3. The knowledge base is composed of the "Training Data: Track 2 Training Data v2" set .

Instruction for obtaining the wikipedia knowledge base.

1. Obtaining a Wikipedia dump by following these instructions : https://en.wikipedia.org/wiki/Wikipedia:Database_download.

Instruction for obtaining the EHRQA datasets and the associated knowledge base.
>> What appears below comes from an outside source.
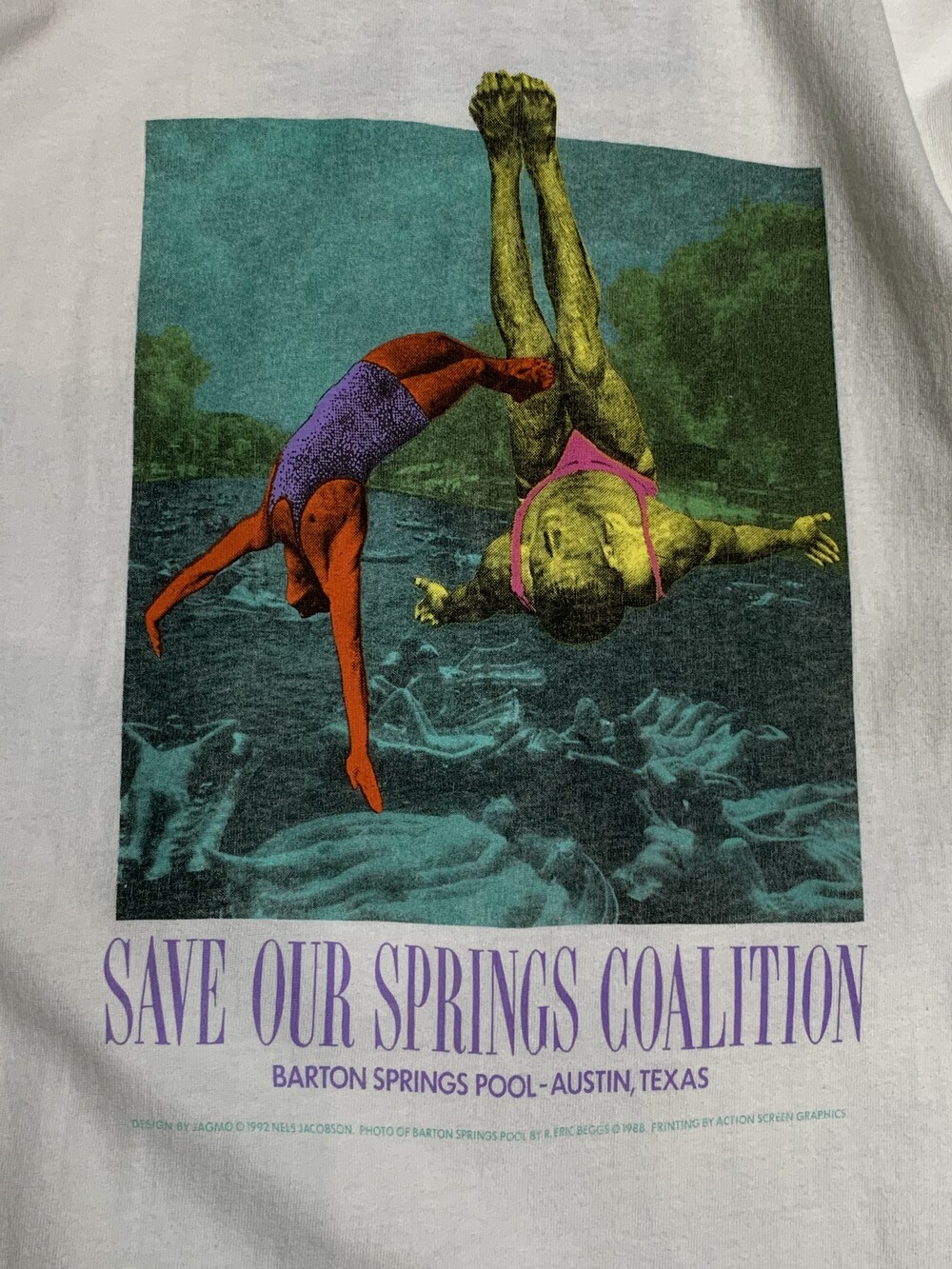 1990년 텍사스 주 오스틴에서 바턴 강 개발에 반대하는 모임으로 시작한 비영리단체 SAVE OUR SPRINGS COALITION도 일찍이 이를 깨달았던 것일까요. 1992년에 연합을 결성하고 개발로 인한 강물과 대수층의 수질오염의 경각심을 일깨우고 뜻을 함께하는 사람들을 모으고자, JAGMO라는 활동명을 쓰는 포스터 아티스트 넬스 제이콥스(Nels Jacobson)에게 의뢰하여 포스터를 제작합니다. 바턴 강에서 평화로이 한때를 보내는 사람들의 사진 위에 수영복을 입고 다이빙을 하는듯한 이미지가 겹쳐진 포스터는 짐작건대 자연환경을 파괴하는 행위로 잃게 될 일상의 소중함을 어필하는 내용이 아닐까 싶습니다.

1. Requesting the access to MIMIC-IV at the following address : https://physionet.org/content/mimic-iv-demo/2.2/
2. The dataset can be downloaded at the following address : https://physionet.org/content/drugehrqa/1.0.0/

Instruction for the knowledge base processing :

1. Run data/splitting_run_parallel.py . If necessary change the INPUT_DIR and OUTPUT_DIR variable.
2. Run data.id.py . If necessary change the INPUT_DIR variable.
3. Run embeding_run_parallel.py . If necessary change the INPUT_DIR and OUTPUT_DIR variable.
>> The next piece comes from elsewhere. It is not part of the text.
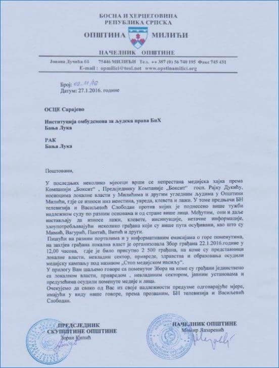 Samo dva dana ranije, načelnik opštine Milići Momir Lazarević obratio se OSCE-u, Ombudsmanu za ljudska prava BiH i Regulatornoj agenciji za komunikacije od kojih je tražio da prema BN-u i Vasiljević Slobodanu, preduzmu odgovarajuće mjere u okviru svojih nadležnosti. Razlozi obraćanja identični su kao i razlozi obraćanja kompanije “Boksit”.

The method uses Llama2 chat 70B (https://huggingface.co/meta-llama/Llama-2-70b-chat-hf) or Mixtral8x7B Instruct (https://huggingface.co/mistralai/Mixtral-8x7B-Instruct-v0.1).
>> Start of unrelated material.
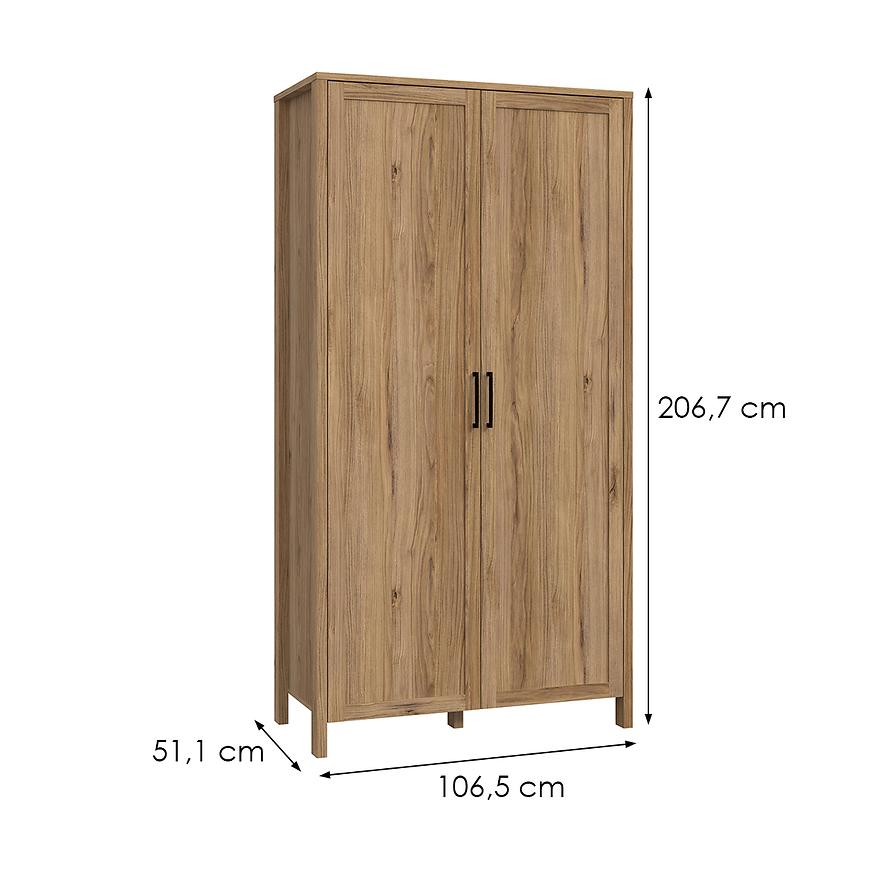 Szafa Nepean w kolorze Dąb Waterford to wyjątkowy mebel, który łączy w sobie funkcjonalność i estetykę rustykalnego designu. Szafa o wymiarach 106,5 cm szerokości, 206,7 cm wysokości i 51,1 cm głębokości zapewni Ci wystarczającą przestrzeń do przechowywania, jednocześnie dodając charakteru Twojemu wnętrzu.

## Running the experiments

To run the experiments on the Boolq test set, you can use the following script for each method :

LLM :

```bash
python source/evaluate.py \
--method_name LLM \
--query_set_name boolq_test \
--collection_name wikipedia_dump_100 \
--oracle False \
--save_graph False \
--output_dir results/ \
--verbose False 
```
RAG :

```bash
python source/evaluate.py
--method_name LLMRAG
--query_set_name boolq_test
--collection_name wikipedia_dump_100
--document_rate 1
--oracle False
--save_graph False
--output_dir results/
--verbose False
```

MCTS - oracle :

```bash
python source/evaluate.py
--method_name mcts
--query_set_name boolq_test
--collection_name wikipedia_dump_100
--document_rate 2
--size 15
--oracle True
--save_graph False
--output_dir results/
--verbose False
--p_document 0.7
--threshold 0.5
```

MCTS - selfcritic :

```bash
python source/evaluate.py
--method_name mcts
--query_set_name boolq_test
--collection_name wikipedia_dump_100
--document_rate 2
--size 15
--oracle False
--save_graph False
--output_dir results/
--verbose False
--p_document 0.7
--threshold 0.9
```

MCTS - model-based estimation :

```bash
python source/evaluate.py
--method_name qmcts
--query_set_name boolq_test
--collection_name wikipedia_dump_100
--document_rate 2
--size 15
--oracle False
--save_graph False
--output_dir results/
--verbose False
--threshold 0.21
```


To run the experiments on the emrQA test set, you can use the following script for each method :

LLM :

```bash
python source/evaluate.py
--method_name LLM
--query_set_name ade_qa_med2_test
--collection_name med_records_100
--oracle False
--save_graph False
--output_dir results/
--verbose False
```
RAG :

```bash
python source/evaluate.py
--method_name LLMRAG
--query_set_name ade_qa_med2_test
--collection_name med_records_100
--document_rate 1
--oracle False
--save_graph False
--output_dir results/
--verbose False
```

MCTS - oracle :

```bash
python source/evaluate.py
--method_name mcts
--query_set_name ade_qa_med2_test
--collection_name med_records_100
--document_rate 5
--size 25
--oracle True
--save_graph False
--output_dir results/
--verbose False
--p_document 1
--threshold 0.5
```

MCTS - selfcritic :

```bash
python source/evaluate.py
--method_name mcts
--query_set_name ade_qa_med2_test
--collection_name med_records_100
--document_rate 5
--size 25
--oracle False
--save_graph False
--output_dir results/
--verbose False
--p_document 1
--threshold 0.9
```

MCTS - model-based estimation :

```bash
python source/evaluate.py
--method_name qmcts
--query_set_name ade_qa_med2_test
--collection_name med_records_100
--document_rate 5
--size 25
--oracle False
--save_graph False
--output_dir results/
--verbose False
--threshold 0.9
```


## Content

- `data/` Directory containing all the data and the script to process it.
- `model/` Directory containing the weight of the score estimation model.
- `source/controller/` Directory containing all the code related to information retrieval, mcts, thought process.
- `source/models/` Directory containing the models that manage all the different LLM request.
- `source/qlearner/` Directory contraining the training script for the score estimation model.
- `source/language_models/` Directory containing the LLM API.